Data listing:
= Beginning of Section =

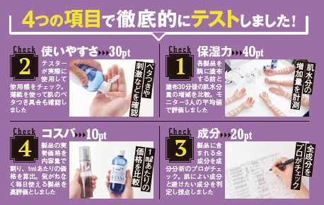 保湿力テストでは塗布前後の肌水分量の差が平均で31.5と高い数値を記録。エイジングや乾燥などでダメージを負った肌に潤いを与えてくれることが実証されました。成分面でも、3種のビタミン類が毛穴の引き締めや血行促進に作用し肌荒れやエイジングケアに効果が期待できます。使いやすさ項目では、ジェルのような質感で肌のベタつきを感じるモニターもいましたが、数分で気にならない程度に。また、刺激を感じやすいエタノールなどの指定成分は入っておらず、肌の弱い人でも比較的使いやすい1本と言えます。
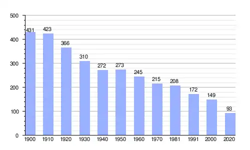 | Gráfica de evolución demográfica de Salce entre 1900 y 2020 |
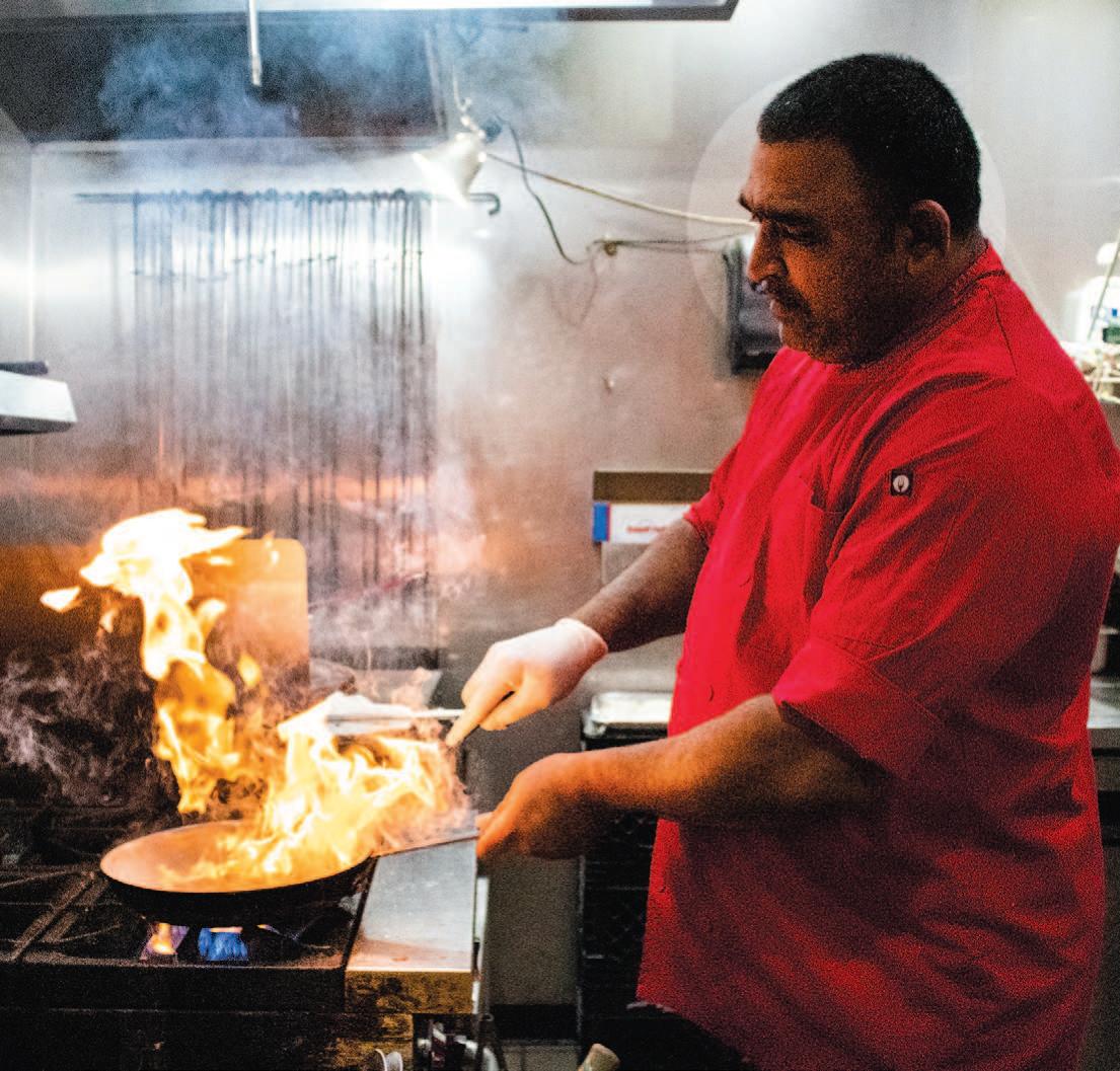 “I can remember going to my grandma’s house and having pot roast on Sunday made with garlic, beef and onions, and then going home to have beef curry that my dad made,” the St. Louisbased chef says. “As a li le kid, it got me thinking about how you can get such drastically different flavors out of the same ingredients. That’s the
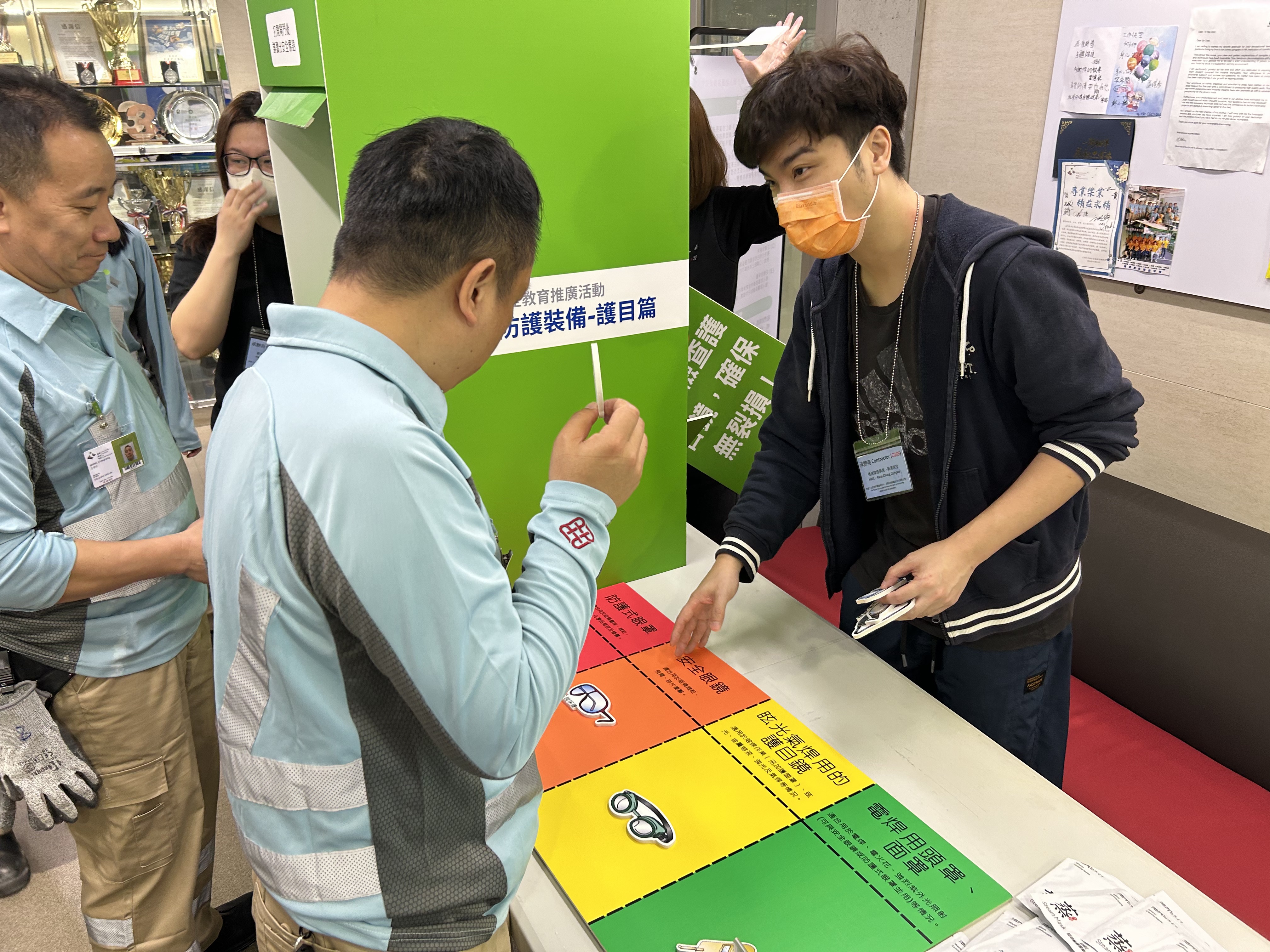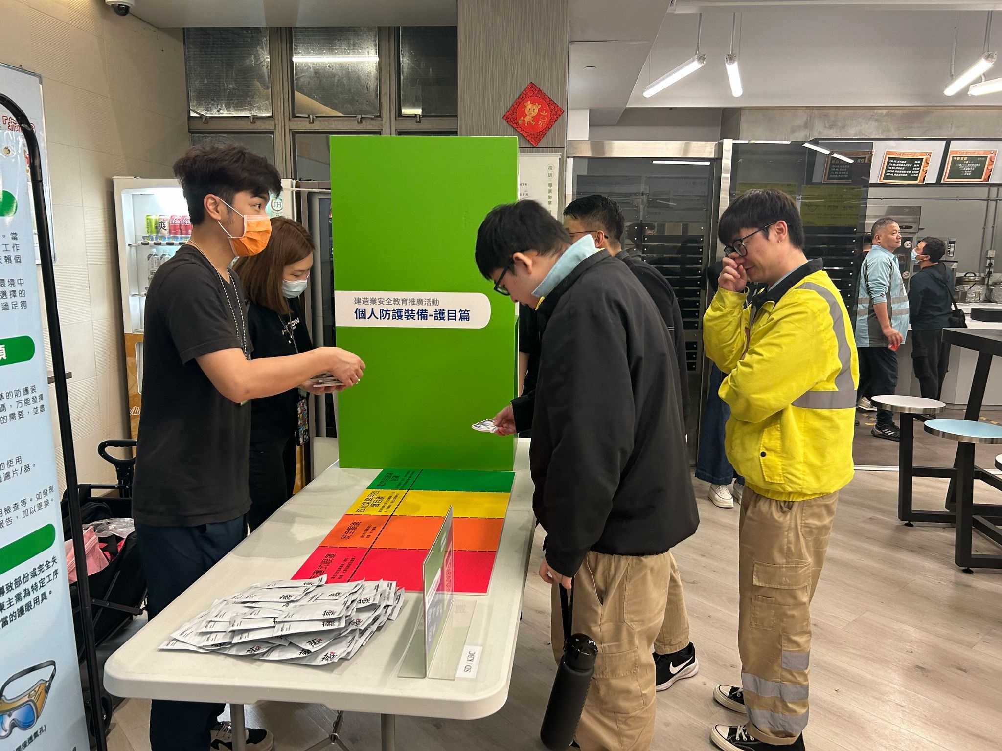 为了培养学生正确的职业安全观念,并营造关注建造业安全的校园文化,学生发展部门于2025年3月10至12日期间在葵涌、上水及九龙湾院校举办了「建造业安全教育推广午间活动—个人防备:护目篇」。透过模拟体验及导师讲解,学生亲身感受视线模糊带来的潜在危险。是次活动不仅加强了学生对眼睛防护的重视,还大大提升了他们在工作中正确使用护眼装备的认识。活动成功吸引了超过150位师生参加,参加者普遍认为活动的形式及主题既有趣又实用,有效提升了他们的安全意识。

= End of Section =
= Beginning of Section =

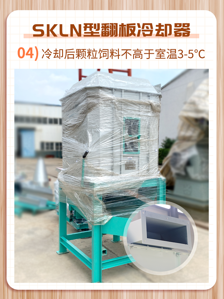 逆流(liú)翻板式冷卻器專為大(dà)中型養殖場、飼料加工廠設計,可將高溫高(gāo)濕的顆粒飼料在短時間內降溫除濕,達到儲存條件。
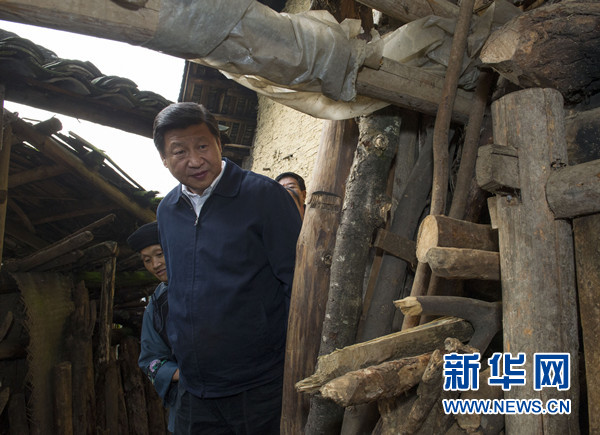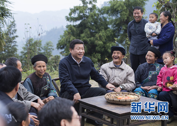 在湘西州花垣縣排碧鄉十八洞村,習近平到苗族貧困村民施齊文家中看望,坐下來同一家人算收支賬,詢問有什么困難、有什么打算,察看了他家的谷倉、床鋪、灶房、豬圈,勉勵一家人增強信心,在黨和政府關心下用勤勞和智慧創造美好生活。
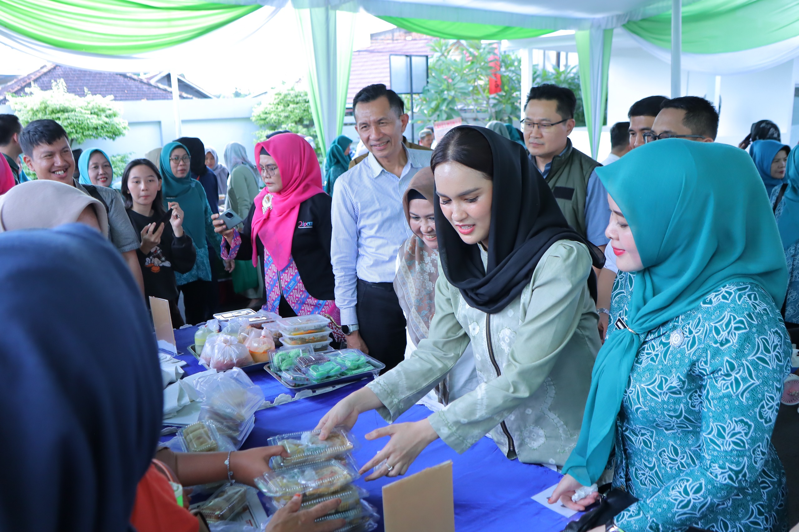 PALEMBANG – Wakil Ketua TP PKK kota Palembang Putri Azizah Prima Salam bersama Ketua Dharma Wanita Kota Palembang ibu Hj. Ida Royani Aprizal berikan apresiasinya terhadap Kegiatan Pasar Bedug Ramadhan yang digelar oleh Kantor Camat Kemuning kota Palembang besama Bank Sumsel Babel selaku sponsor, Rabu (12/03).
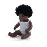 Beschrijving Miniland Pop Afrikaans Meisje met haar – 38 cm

= End of Section =

Task:
Reproduce the data above exactly, but only from the line containing "逆流(liú)翻板式冷卻器專" through the line containing "Beschrijving Miniland Pop"; skip the pictures.

Completed exercise:
 逆流(liú)翻板式冷卻器專為大(dà)中型養殖場、飼料加工廠設計,可將高溫高(gāo)濕的顆粒飼料在短時間內降溫除濕,達到儲存條件。
 在湘西州花垣縣排碧鄉十八洞村,習近平到苗族貧困村民施齊文家中看望,坐下來同一家人算收支賬,詢問有什么困難、有什么打算,察看了他家的谷倉、床鋪、灶房、豬圈,勉勵一家人增強信心,在黨和政府關心下用勤勞和智慧創造美好生活。
 PALEMBANG – Wakil Ketua TP PKK kota Palembang Putri Azizah Prima Salam bersama Ketua Dharma Wanita Kota Palembang ibu Hj. Ida Royani Aprizal berikan apresiasinya terhadap Kegiatan Pasar Bedug Ramadhan yang digelar oleh Kantor Camat Kemuning kota Palembang besama Bank Sumsel Babel selaku sponsor, Rabu (12/03).
 Beschrijving Miniland Pop Afrikaans Meisje met haar – 38 cm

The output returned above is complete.